I'm not convinced by that at all!
If they are to be anonymous, who chooses them?
by what criteria are they chosen ?
who decides which users are 'respected'?
who must they be respected by?
Whats going to stop anonymous persons form exercising petty personal grudges and agendas? Its even more difficult to hold them to account if we don't know who they are!
The majority of community mods are likely to include some unlicenced IP. If they are to be officially sanctioned (by association), how will this be prevented?
Do the panel have to refuse every mod that has unlicenced IP?
If the mod provider states they have a licence, who is going to pay for lawyers to check the legality?
Do you expect the devs to trust anonymous 'respected' volunteers possibly with no legal expertise with their livelyhood?
What if some unlicenced IP slips through because one of the volunteer 'respected' persons messes up - who is going to pay the damages after the lawsuit?
If you don't have a panel and do things in a similar way to youtube , having no selection process, instead using user ratings and content reporting mechanisms, you can sidestep all those issues. Additionally we might get some un-licenced 'real' content that doesn't get locked because the IP owner doesn't see any advantage in preventing its use. Sure some mods using unlicenced content will be removed, but many will not, and doing things this way, the devs are not in such a legally vulnerable position.

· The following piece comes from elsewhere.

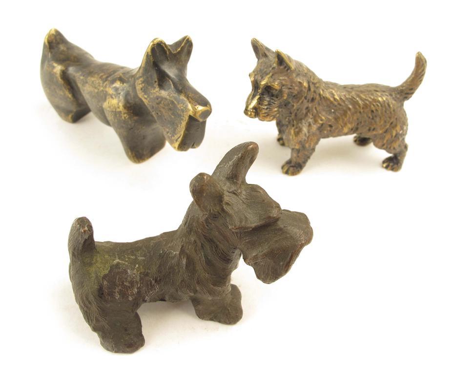A bronze standing Scottie terrier, with a naturalistic coat, 2.25in (5.5cm) h, 2.75in (7cm) l; another bronze Scottie, signed 'TYR 05 1/8'; a cold painted bronze Terrier. (3)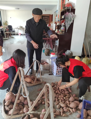 在武义县西联乡大溪口村,医学院中药学专业的同学们寻访红色根脉,请教专业前辈。志愿者们敲开当地“光荣之家”的家门,老人对于志愿者们的到来非常开心,志愿者们一边帮助老人们剥豆子、挑红薯,一边听老人为大家讲述自己20余年在部队的经历。

How many of the custom 'user' skins in the database have corporate IP all over them and yet have no permission? yep, plenty of them, and yet in practice, there have been no issues. If those skins were officially sanctioned, you can bet that there would be major legal problems. There is nothing significantly different in the case of mods - at least from a legal standpoint - other than that the unlicenced content wouldn't even be stored on official servers.